Illustration of an fMRI experiment. The experimental setup made innovative use of pressure-measuring balls that allow participants to express their aggression in a more natural manner 

However, their neurological response to it was radically different. In both sexes HEX activated the left angular gyrus, implicated in the integration of social cues. 

However, the way that it ‘talked’ to other brain regions was sex dependent.

‘HEX, it would seem, affects men in that there was more social regulation, their aggression was kept in check and it served as a “cool down” signal for them, while in women the regulation decreased and it can be thought of as a “set free” signal,’ said Dr Mishor. 

In other words, the communication between the parts of the brain that are in charge of social regulation and help keep aggression in check differs in men and women.

With their results, the researchers claim to provide one of the first direct links between human behaviour and a single molecule picked up through the sense of smell. 
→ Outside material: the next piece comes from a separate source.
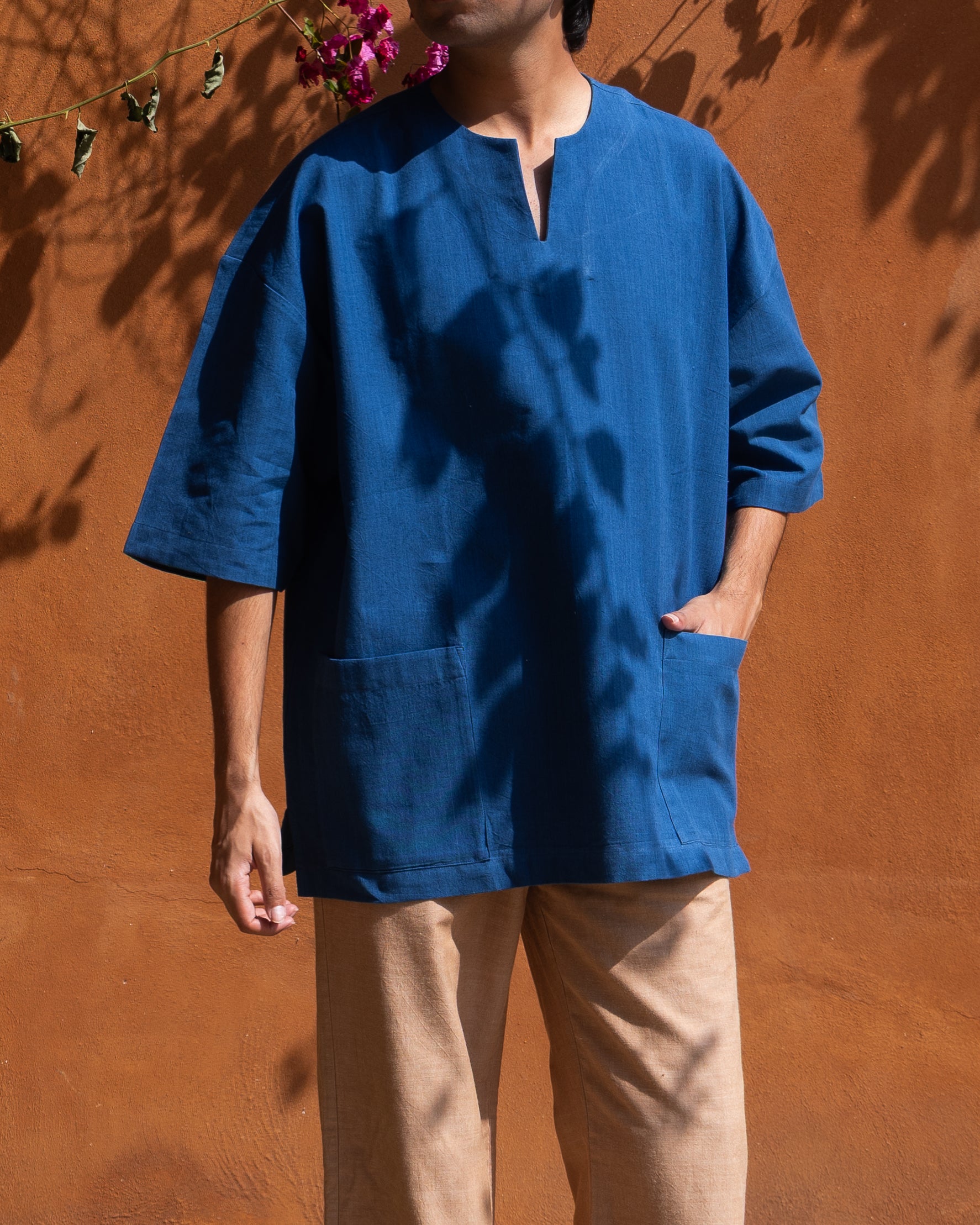 Inspired by Japanese minimalism — longer half sleeves, no placket, bottom patch pockets, and a refined neckline cut come together in a relaxed silhouette built for ease and character. The model is 5'11 and is wearing a size 'M' shirt.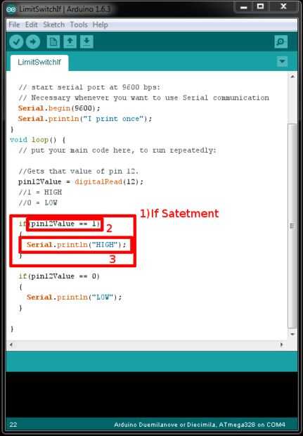 2. esta es la condición del if instrucción. ¿Esta es una pregunta, es pin12Value igual a 1? Si la respuesta es sí entonces la expresión se evalúa como true. Tenga cuidado y darse cuenta de que el == es diferente del signo =. == es una pregunta. ¿Son iguales? = es un comando ajuste cuál es el lado izquierdo sea igual a lo que está en el lado derecho.

The study has been published today in the journal Science Advances. 


The chemical culprit behind body odour has been identified, scientists reported in 2020. 

An enzyme made by bacteria which reside in human armpits has been found to produce the pungent scent we know as BO. 

Dubbed the ‘BO enzyme’, it is made by bacteria called Staphylococcus hominis which humans inherited from our now-extinct ancient ancestors. 

Researchers from the University of York worked with Unilever and discovered body odour has likely plagued Homo sapiens since we first evolved. 

We inherited it from our more primitive predecessors and now the smelly bacteria call our armpits home.   

Dr Gordon James, of Unilever, says: ‘This research was a real eye-opener.

‘It was fascinating to discover that a key odour-forming enzyme exists in only a select few armpit bacteria – and evolved there tens of millions of years ago.’

By identifying the specific odorous compound, academics believe they can create deodorants that neutralise the enzyme, eradicating BO. 

Dr Michelle Rudden, from the University of York’s Department of Biology, said: ‘Solving the structure of this “BO enzyme” has allowed us to pinpoint the molecular step inside certain bacteria that makes the odour molecules.

‘This is a key advancement in understanding how body odour works, and will enable the development of targeted inhibitors that stop BO production at source without disrupting the armpit microbiome.’ 

The enzymes produced by the bacteria latch onto odourless compounds made by the body’s apocrine glands. 

These are in the skin and produce sweat and open into hair follicles. They are only found under the arm, around the nipple and external genitalia. 

Human’s also have eccrine glands which are all over the body and do not open into hair follicles. 

While eccrine glands are known to be useful in thermoregulation, little is known about the hairy apocrine glands except that they are smelly and hairy. 

Scientists know bacteria live there and this microbiota is essential to their functionality. 

The study, published in the journal Scientific Reports, found odourless precursor chemicals secreted from the glands are sliced up by the enzyme.

This transforms the harmless, odour-free chemicals into a thioalcohols, which the researchers describe as ‘most pungent volatiles’ in sweat despite being found only in trace levels.